Cohen-Macaulay Auslander 代数

This proposal is about the intersection of representation theory of algebras and algebraic geometry. We will describe the structure of the Cohen-Macaulay Auslander algebras of the (gentle) cluster-tilted algebras, and also study their properties related to representation theory, especially their rigid modules. Furthermore, we will study the quiver Grassmannians of the cluster-tilted algebras, namely, use the quiver Grassmannians of the Cohen-Macaulay Auslander algebras of the cluster-tilted algebras to realize the desingularization of the quiver Grassmannians of the cluster-tilted algebras, especially the Gorenstein projective modules.
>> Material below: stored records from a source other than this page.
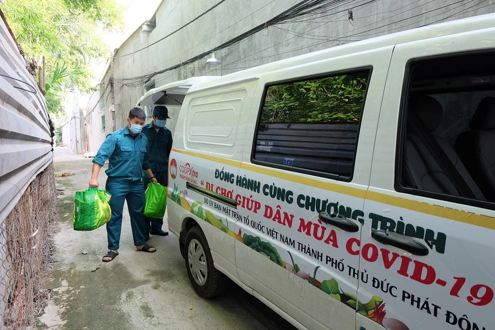 Sáng 5-6, Ủy ban MTTQ Việt Nam TP Thủ Đức cùng các đơn vị, doanh nghiệp đã tổ chức "Siêu thị nghĩa tình Thủ Đức" và vận hành mô hình "Đi chợ giúp người dân mùa COVID-19" nhằm chăm lo, hỗ trợ các đồ dùng thiết yếu cho các hộ dân trong khu vực bị phong tỏa, cách ly.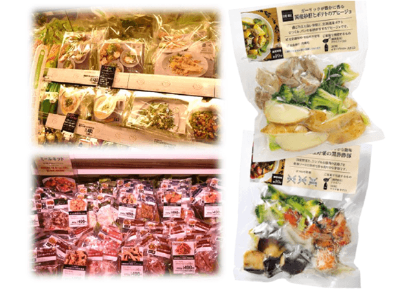 材料・調味料がすべてそろっている便利なミールキット商品。農産売り場には八百屋さんのミールキットコーナー、畜産売り場にはこだわりの“あまに豚・あまに鶏”を使用した商品、冷凍食品売り場にはBIO-RALのミールキットをご用意いたします。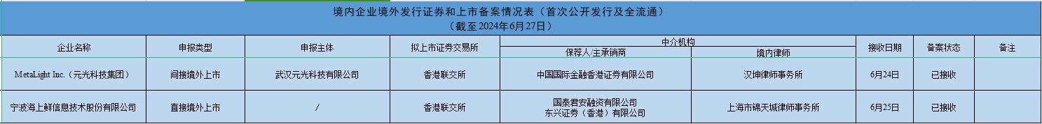 智通财经APP获悉,6月28日,中国证监会发布《境内企业境外发行证券和上市备案情况表(首次公开发行及全流通)(截至2024年6月27日)》。本周(6月24日-28日),元光科技、海上鲜等公司拟香港IPO获中国证监会接收材料。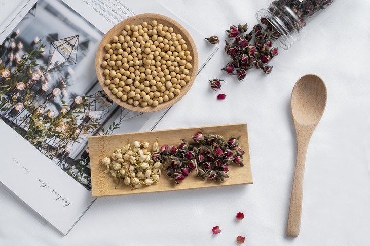 先将黄豆洗净备用,玫瑰花去蒂和叶子,用热水浸泡2分钟捞出沥干水分;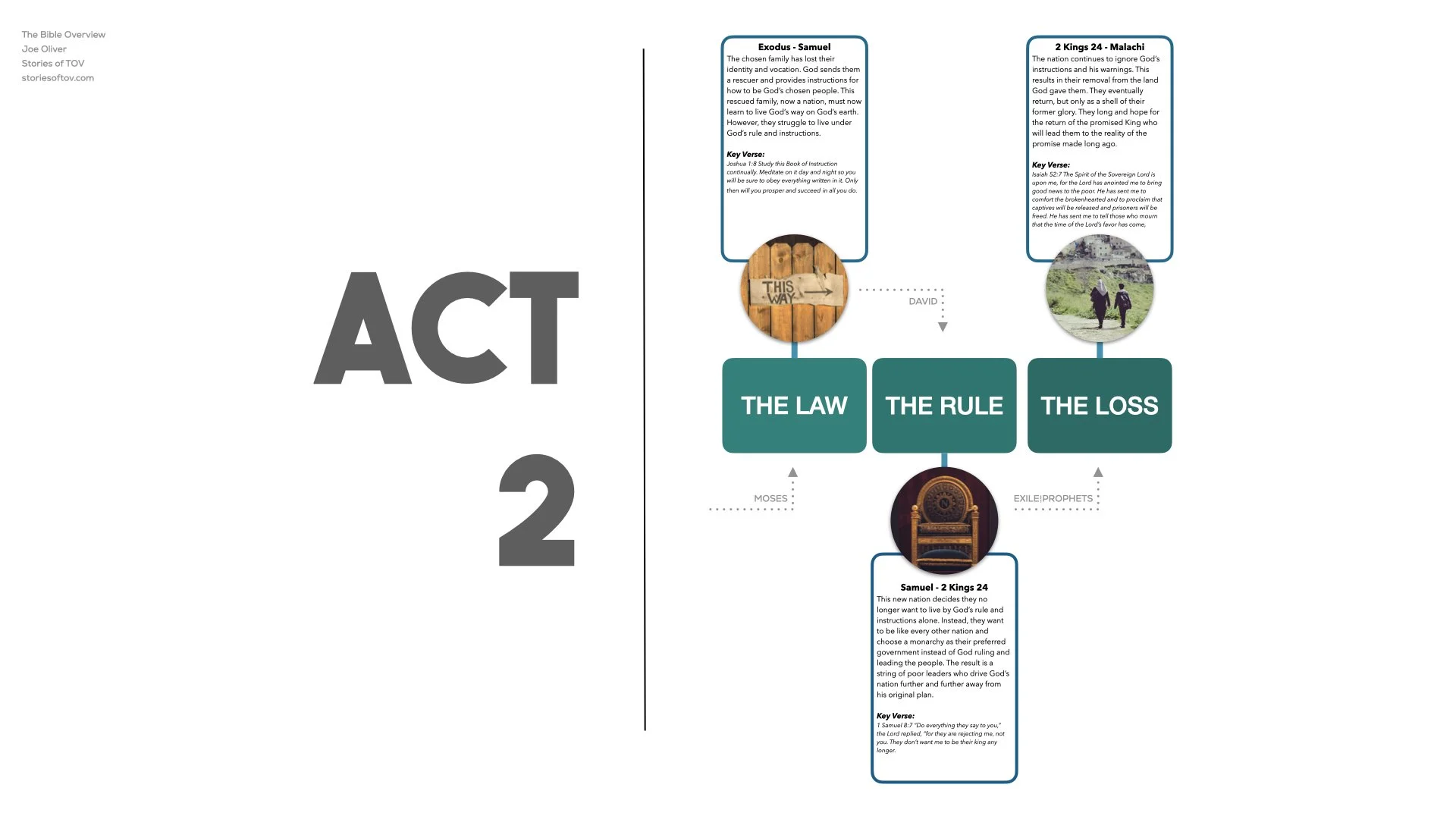 Act Two starts with what I call the Law. That’s the section from Exodus through the early part of Samuel. The people of Israel have been rescued from slavery in Egypt, but they’ve forgotten who they are. They’ve lost their way. And so God gives them instructions—not to crush them, not to control them, but to help them become who they were meant to be. A people set apart. A community that reflects God’s goodness and justice. But what we see instead is a constant pattern of forgetting, rebelling, and circling back again. The laws themselves—some of which feel deeply archaic to modern readers—were rooted in wisdom for that time and place. But the people struggled to live them out. And if you’ve ever struggled to live up to who you know you’re meant to be, you can probably relate.

本项目是代数表示论和代数几何的交叉课题。我们拟刻画丛倾斜代数（特别是 gentle 丛倾斜代数）的 Cohen-Macaulay Auslander 代数的结构和表示论基本性质，特别是刻画 rigid 模的性质。在此基础上，我们将利用丛倾斜代数的 Cohen-Macaulay Auslander 代数的 quiver Grassmannian 实现丛倾斜代数的 quiver Grassmannian 的奇点消解。

本项目是代数表示论和代数几何的交叉课题。我们主要刻画了gentle代数，skewed-gentle代数的Cohen-Macaulay Auslander代数，证明了gentle代数的Cohen-Macaulay Auslander代数是gentle代数，gentle代数是表示有限的当且仅当它的Cohen-Macaulay Auslander代数是表示有限型的，gentle代数的不可分解模由维数向量唯一决定，则它的Cohen-Macaulay Auslander代数上的不可分解模也由维数向量唯一决定，skewed-gentle代数的Cohen-Macaulay Auslander代数是对应gentle代数的Cohen-Macaulay Auslander代数的skewed-gentle代数。在奇点消解方面，对1-Gorenstein gentle代数（包括gentle丛倾斜代数），我们利用它的Cohen-Macaulay Auslander代数quiver Grassmannians实现了gentle代数上quiver Grassmannians的奇点消解。